The historic Goodwin House on Peachtree Road in Brookhaven is now being dismantled with plans to rebuild it and relocate it to another city location.

The white, wood frame house that dates back to the 1830s and which owners claim to be the oldest house in DeKalb County, is now nothing more than a small foundation with a bare frame and stone fireplace still standing. Logs are piled where an expansive porch once stood and piles of debris surround the otherwise bucolic land where squirrels run and hide in the piles and birds sing from overhanging tree branches.
“I’m very sad to see it go,” said Albert Martin, whose family has owned the house for more than seven generations. “But there was no remediation on taxes, no resources to preserve it. We couldn’t get any tax breaks and there was no way to rent it.”
Most people who drive the busy Peachtree Road corridor don’t even know it is is there — the house is hidden behind tall pines and magnolias. From Peachtree Road, passers-by see only a small driveway between the U-Haul store and Subway sandwich shop. Its original site is occupied by a motel. The MARTA tracks run behind the house.
Martin said the only way to save the house is to carefully dismantle it, particularly the log cabin section of the home, and store the logs so it can be reproduced and relocated to another location, hopefully in Brookhaven. However, where that will be is still unknown, he said.

“It’s being dismantled and then moved … it will be reassembled with modifications to make it usable in the near future,” he said. Martin said there is preliminary talk of moving the house into Brookhaven Park.
“Doing this [dismantling it] was the only way we could think to save the house,” Martin said.

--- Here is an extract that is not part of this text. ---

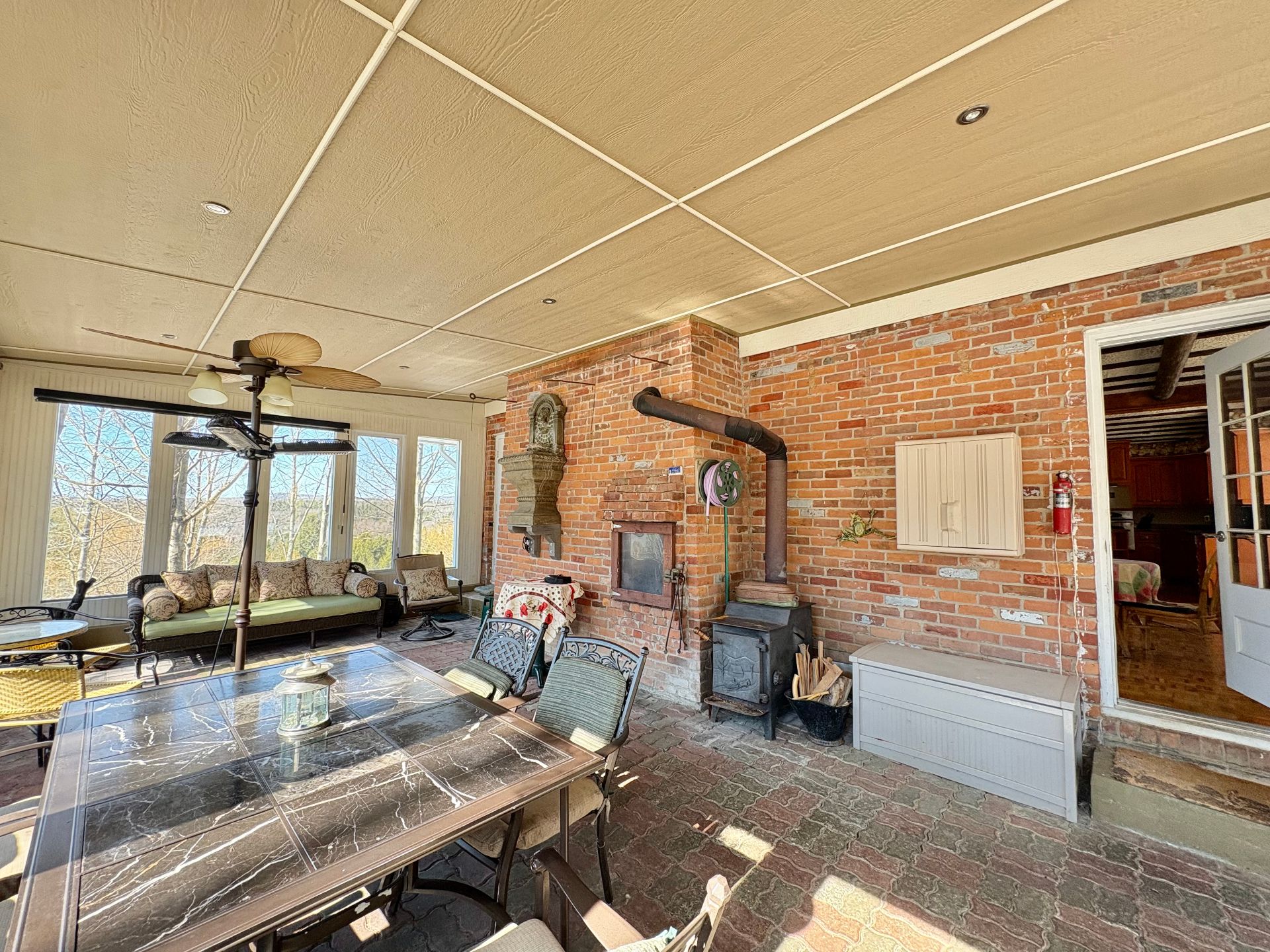 string(214) "Lustres, stores, tringles et rideaux, lave-vaisselle, plaque chauffante, cuisinière encastrée, aspirateur central et ses accessoires, 2 poêles à bois, annexe à l'huile, balance du bois de chauffage, 2 remises."

At one time it was part of a 600-acre farm, but now the house on Peachtree Street in Brookhaven is all that’s left. The house sits on more than an acre of commercial property on Peachtree Road and for years the Martin family has struggled with what to do with it. The house has been for sale since at least 2008 when it was put on the market for $3.5 million.
The history of the house from its website states:
In what was once Creek Indian land, the area’s first white settler was Harris Goodwin, a South Carolinian who homesteaded a tract on both sides of what is now Peachtree Road in the early 1830s. Harris Goodwin later brought his father, Solomon, to the area. The Goodwin home and a small graveyard in which they are buried survive at 3931 Peachtree Road near the intersection of North Druid Hills Road.
The original log cabin on the Echota Indian Trail was expanded in the 1830s and 1840s into the present home. In 1864, it was a landmark for Federal troops closing in on Atlanta during the Civil War. Goodwin descendants still own the property. The home is the oldest existant house in DeKalb County.
It’s like losing a close relative. The Goodwin House on its original site pervades my childhood memories from the 1950’s. The original cabin was built in 1831, just six years after the Muscogee/Creek Nation ceded its lands to white settlers. Plans to move the house near the historic Fischer Mansion on Chamblee Dunwoody Road were scuttled by the D’Youville HOA. We all deserve a past, a present, and a future. This important of our past needs to be preserved at all costs!!
I’ve always thought that the undeveloped acreage on NDH right in front of CKHS would be the perfect, high profile spot to preserve this historical structure and the story of Georgia history on a local scale. Perhaps the family, the City, and DeKalb Schools can begin such a dialog as part of their proposed plans for a new high school to be constructed in the next few years. Much thanks to the Martin family for keeping the monument alive all these years at great sacrifice!
When I was a small child, my mother would bring me by the old house; and I’d get to speak to the old man there. He showed me the old cemetery and let me play with his cats. It is a very sad thing that the “city” of Brookhaven could not comprehend the value of such a historic site.